-- Given data --
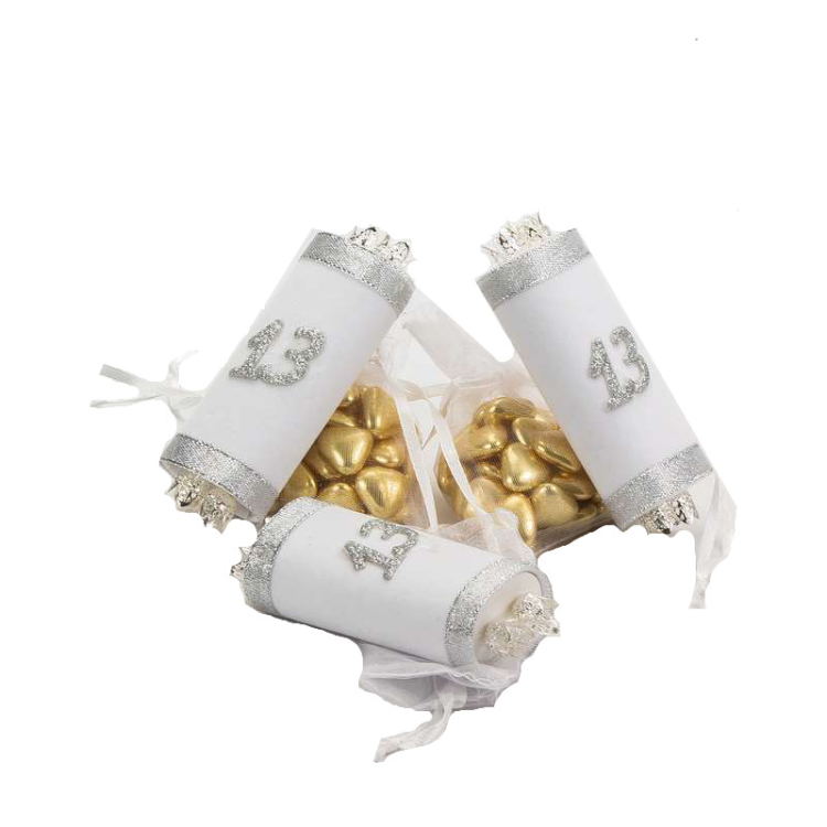 שקית אורגנזה אלגנטית הכוללת ספר תורה דקורטיבי עם הספרה 13, בעיצוב לבן־כסף יוקרתי.
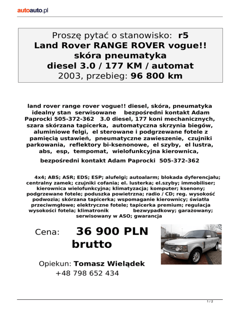 Proszę pytać o stanowisko: r5 Land Rover RANGE ROVER vogue!! skóra pneumatyka diesel 3.0 / 177 KM / automat 2003, przebieg: 96 800 km land rover range rover vogue!! diesel, skóra, pneumatyka idealny stan serwisowane bezpośredni kontakt Adam Paprocki 505-372-362 3.0 diesel, 177 koni mechanicznych, szara skórzana tapicerka, automatyczna skrzynia biegów, aluminiowe felgi, el sterowane i podgrzewane fotele z pamięcią ustawień, pneumatyczne zawieszenie, czujniki parkowania, reflektory bi-ksenonowe, el szyby, el lustra, abs, esp, tempomat, wielofunkcyjna kierownica, bezpośredni kontakt Adam Paprocki 505-372-362 4x4; ABS; ASR; EDS; ESP; alufelgi; autoalarm; blokada dyferencjału; centralny zamek; czujniki cofania; el. lusterka; el.szyby; immobiliser; kierownica wielofunkcyjna; klimatyzacja; komputer; ksenony; podgrzewane fotele; poduszka powietrzna; radio / CD; reg. wysokość podwozia; skórzana tapicerka; wspomaganie kierownicy; światła przeciwmgłowe; elektryczne fotele; tapicerka premium; regulacja wysokości fotela; klimatronik bezwypadkowy; garażowany; serwisowany w ASO; gwarancja Cena: 36 900 PLN brutto Opiekun: Tomasz Wielądek +48 798 652 434 1/2 Al. Krakowska 178, Punkt D 2/2
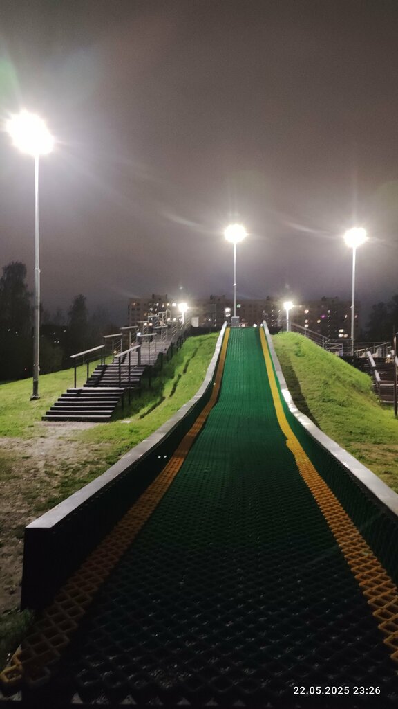 Горка классная, после того как её облагородили ходим туда чаще. Удобные лестницы для подъёма, и 3 спуска с разными наклоном,и соответственно скорость разная, Вообще место хорошее, можно погулять, воздух свежий. Минусы: Нет парковки, всего машин на 20 сделана,но это очень мало для такого пространства. И нет кофейни,очень хочется взять что-то горячее попить))(Идея для стартапа)
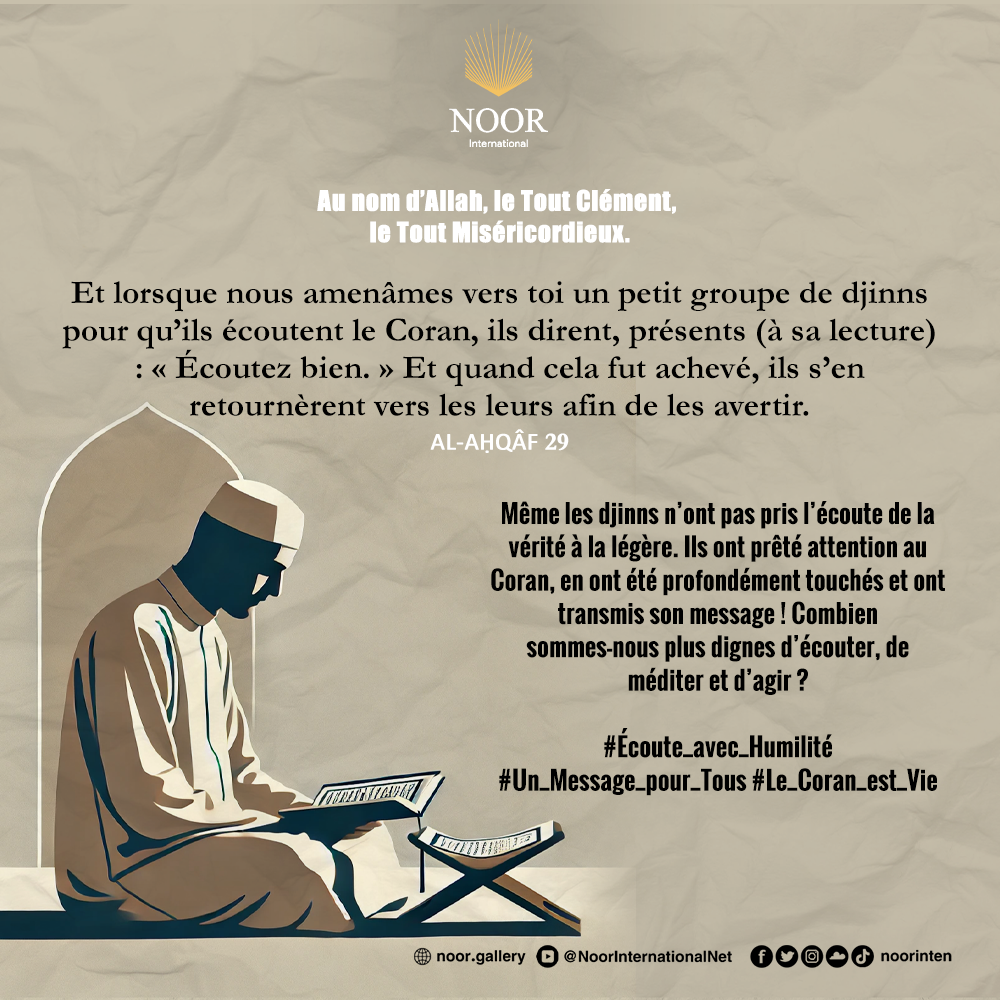 Même les djinns n’ont pas pris l’écoute de la vérité à la légère. Ils ont prêté attention au Coran, en ont été profondément touchés et ont transmis son message ! Combien sommes-nous plus dignes d’écouter, de méditer et d’agir ? #Écoute_avec_Humilité #Un_Message_pour_Tous #Le_Coran_est_Vie

-- What this task involves --
Please write out all of the data verbatim, with no pictures in the copy.

-- Response to this task --
 שקית אורגנזה אלגנטית הכוללת ספר תורה דקורטיבי עם הספרה 13, בעיצוב לבן־כסף יוקרתי.
 Proszę pytać o stanowisko: r5 Land Rover RANGE ROVER vogue!! skóra pneumatyka diesel 3.0 / 177 KM / automat 2003, przebieg: 96 800 km land rover range rover vogue!! diesel, skóra, pneumatyka idealny stan serwisowane bezpośredni kontakt Adam Paprocki 505-372-362 3.0 diesel, 177 koni mechanicznych, szara skórzana tapicerka, automatyczna skrzynia biegów, aluminiowe felgi, el sterowane i podgrzewane fotele z pamięcią ustawień, pneumatyczne zawieszenie, czujniki parkowania, reflektory bi-ksenonowe, el szyby, el lustra, abs, esp, tempomat, wielofunkcyjna kierownica, bezpośredni kontakt Adam Paprocki 505-372-362 4x4; ABS; ASR; EDS; ESP; alufelgi; autoalarm; blokada dyferencjału; centralny zamek; czujniki cofania; el. lusterka; el.szyby; immobiliser; kierownica wielofunkcyjna; klimatyzacja; komputer; ksenony; podgrzewane fotele; poduszka powietrzna; radio / CD; reg. wysokość podwozia; skórzana tapicerka; wspomaganie kierownicy; światła przeciwmgłowe; elektryczne fotele; tapicerka premium; regulacja wysokości fotela; klimatronik bezwypadkowy; garażowany; serwisowany w ASO; gwarancja Cena: 36 900 PLN brutto Opiekun: Tomasz Wielądek +48 798 652 434 1/2 Al. Krakowska 178, Punkt D 2/2
 Горка классная, после того как её облагородили ходим туда чаще. Удобные лестницы для подъёма, и 3 спуска с разными наклоном,и соответственно скорость разная, Вообще место хорошее, можно погулять, воздух свежий. Минусы: Нет парковки, всего машин на 20 сделана,но это очень мало для такого пространства. И нет кофейни,очень хочется взять что-то горячее попить))(Идея для стартапа)
 Même les djinns n’ont pas pris l’écoute de la vérité à la légère. Ils ont prêté attention au Coran, en ont été profondément touchés et ont transmis son message ! Combien sommes-nous plus dignes d’écouter, de méditer et d’agir ? #Écoute_avec_Humilité #Un_Message_pour_Tous #Le_Coran_est_Vie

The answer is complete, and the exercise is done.